Wir hatten also gegenüberliegende Zimmer. So viel zu: Du wirst nicht viel von ihm sehen.
»Das Bad müssen wir uns wohl teilen.« Er verwies auf eine Tür am Ende des Flurs und gab sich keine Mühe, seinen Unmut zu verbergen. »Komm also bitte nicht auf die Idee, dir morgens stundenlang die Haare zu glätten.«
»Ich hab gar kein«, ich suchte nach dem englischen Begriff, »Glätteisen dabei«, erwiderte ich trotzig und verspürte das dringende Bedürfnis, mein Glätteisen – das ich natürlich dabeihatte – aus meinem Koffer zu ziehen und ihm eins überzubraten.

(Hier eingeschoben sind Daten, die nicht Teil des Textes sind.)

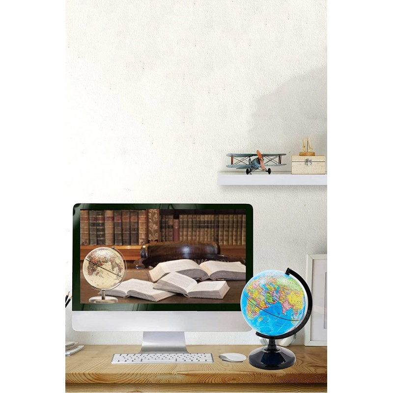 Mini glob pamantesc de birou, harta politica, 15x12 cm, albastru, rotativ, Doty®️

»Warum solltest du auch. Damit bügelt man!«
Ups. Iron war also die falsche Vokabel gewesen. Ich beschloss, später noch zu googeln, was Glätteisen auf Englisch hieß. Als hätte er genug Worte an mich verschwendet, drehte Ryan sich um, ging in Richtung Treppe und ließ mich sprachlos zurück. Schnaubend sah ich ihm nach, bevor ich die Türklinke nach unten drückte und mit angehaltenem Atem den Raum betrat, in dem ich die nächsten zwölf Monate aufwachen und einschlafen würde. Ein verzücktes Lächeln breitete sich auf meinem Gesicht aus. Mein Zimmer war ein echtes Schmuckstück und entschädigte mich auf einen Schlag für alles, was in den letzten Stunden schiefgelaufen war. Es war fast doppelt so groß wie mein altes Kinderzimmer, das ich in den letzten Monaten bewohnt hatte, und bot mit seiner breiten Fensterfront einen spektakulären Ausblick auf tiefgrüne Wälder und verschneite Berggipfel. Staunend ließ ich meine Augen durch den Raum wandern, vorbei an einem massiven Holzschrank, einer Kommode mit Spiegel, einem gemütlichen Ledersessel und dem wohl schönsten Bett, das ich jemals gesehen hatte. Es war aus dicken, alten Holzstämmen gefertigt und mit einer roten gesteppten Tagesdecke und ein paar Kissen bedeckt, die zu den Vorhängen passten. Ein Fransenteppich mit Webmuster lag direkt davor auf dem dunklen Dielenboden. Mit einem wohligen Seufzen ließ ich mich auf das weiche Bett fallen, inhalierte den Duft frischer Wäsche und schloss einen Moment die Augen. Die Strapazen der letzten Stunden steckten mir in den Knochen, und eine bleierne Müdigkeit erfasste mich. Ich sehnte mich nach einer heißen Dusche und war gleichzeitig zu erschöpft, um meine Beine zu bewegen. Nur ein bisschen ausruhen, flüsterte eine wohltuende Stimme in meinem Kopf. Nur ein kleines Päuschen. Nur ein bisschen …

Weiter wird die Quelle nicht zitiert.